Full image tests restore to an isolated Azure VM:

  • The VM is created in a network-isolated environment with no internet access and no connectivity to your production network
  • The restored OS boots and the platform confirms the boot succeeded by checking for an agent heartbeat
  • The VM is terminated within 30 minutes of the test completing

File-level tests restore to an isolated Azure Blob container:

  • Files are restored from the backup catalog to a temporary container
  • SHA-256 hashes are verified against the catalog entries
  • The container is deleted after verification

Neither test environment has access to your production systems. There is no risk of the restored environment interfering with live devices.

DR Runbook Template

Use the following template as a starting point for documenting client-specific recovery procedures. Customize it for each client and store it in your PSA documentation.
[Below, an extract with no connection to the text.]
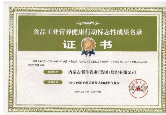
“UHT 再制干酪关键技术的研究与开发” 列入“食品工业营养健康行动标志性成果”名录

CLIENT DR RUNBOOK — [Client Name]
Last Tested: [Date]
Next Test: [Date]

CRITICAL SYSTEMS
[ ] Server: [hostname] — Backup policy: [policy name] — RTO: [hours]
[ ] Server: [hostname] — Backup policy: [policy name] — RTO: [hours]

RECOVERY PRIORITY ORDER
1. [System] — Business impact if down: [description]
2. [System] — Business impact if down: [description]

RECOVERY PROCEDURES
--- File-Level Recovery ---
1. Open Backups console → Catalog → [device]
2. Select snapshot from [date/time]
3. Restore to [target path] on [target device]
4. Verify with [application team / end user]

--- Server Recovery (Bare Metal) ---
1. Provision replacement hardware or create Azure VM
2. Boot from Backups rescue media (ISO from [location])
3. Connect to backup catalog for [device]
4. Restore full image from [snapshot date]
5. Boot and verify with [system owner]

--- SaaS Recovery (M365) ---
1. Open Backups console → SaaS → [connection name]
2. Browse → [user]
3. Restore All from [snapshot date]
4. Verify with [user]

CONTACTS
MSP escalation: [name] [phone]
Client IT contact: [name] [phone]
Vendor support: [vendor] [number]

LAST DR TEST RESULTS
Date: [date]
Devices tested: [N]
Pass: [N] | Fail: [N]
Notes: [any failures or observations]

Failure Response

If a DR test fails:

  1. Do not wait for the next scheduled test — investigate immediately
  2. Check the failure detail in the test report for the specific error
  3. Run a manual restore of the affected file or system to confirm the failure
  4. Common causes: see Troubleshooting
  5. After resolving the root cause, run another manual DR test to confirm the fix
  6. Update the DR test report status

A failed DR test means that if a real disaster occurred today, that device could not be recovered from backup. Treat this as a critical incident.